Dora Maar, créatrice, photographe, peintre également, devient la Muse de cet homme hors pair, qu’elle épaulera, qu’elle inspirera, … Nous voyons leur rencontre, leur amour, leur désir, leur collaboration, leurs jalousies, leurs contradictions, leur rivalité aussi : elle l’amène à peindre Guernica, le photographie pendant tout le processus de création. Le suit, le subit, le déteste, lui résiste. Lui survit. Laissée à moitié folle par leur séparation, elle seule aura la résistance nécessaire pour tenir le choc après son départ. Après sa mort. Les autres ne pourront en dire autant, qui pour certaines se suicideront. Après avoir vécu dans l’ombre de l’artiste adulé, vampirique.

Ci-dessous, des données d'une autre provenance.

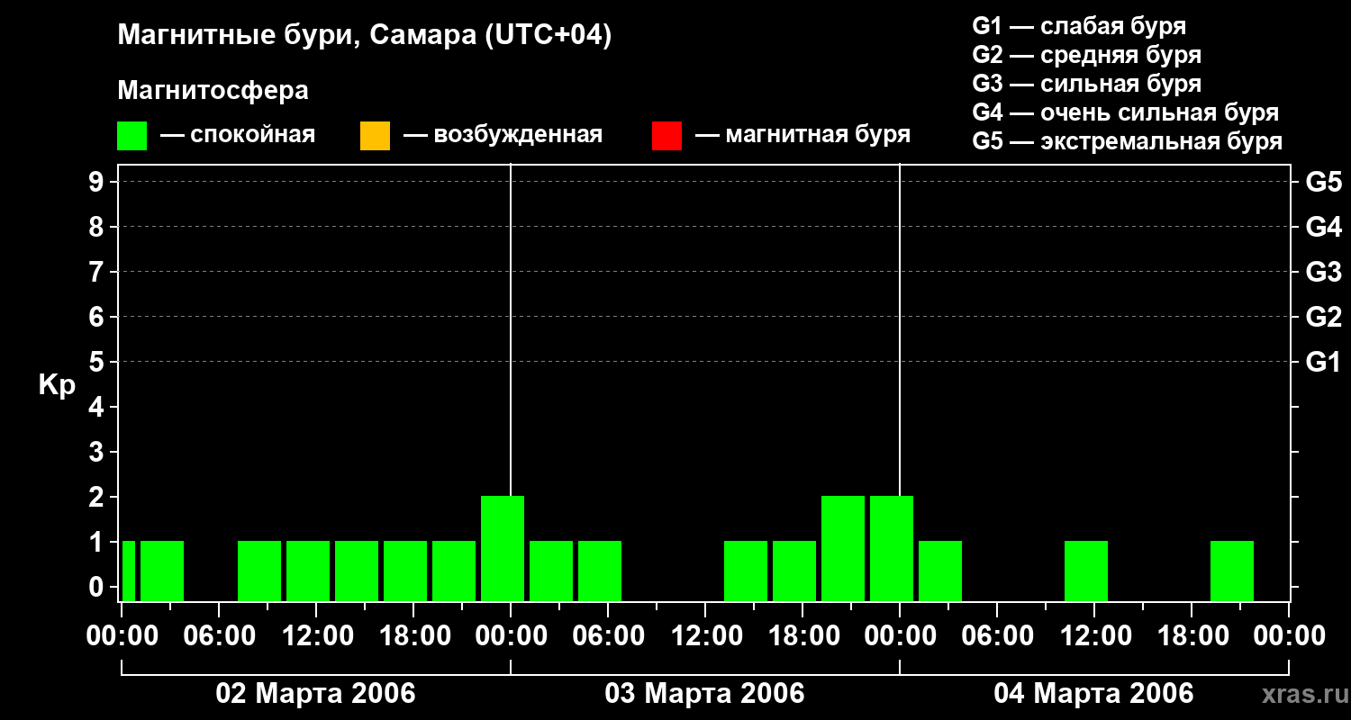 Изменения геомагнитного индекса Kp с 2 по 4 марта 2006 года для средних широт

Porté par un Thierry Frémont sidérant dans son interprétation habitée (le regard, la ressemblance sont hallucinantes), le téléfilm prend toute sa valeur dans la figure d’une Dora Maar magistralement incarnée par une Amira Casar que nous voyons lutter contre la folie qui doucement la submerge. Elle aussi saisissante dans l’allure, l’accent, l’intensité du jeu.

S’il n’évoque que rapidement les bases du surréalisme, la condition des artistes pendant l’Occupation ou le travail de créatrice de Dora Maar, La femme qui pleure au chapeau rouge s’interroge avec beaucoup de justesse sur la place de la Muse dans la vie d’un artiste. Et les risques qu’elle encourt.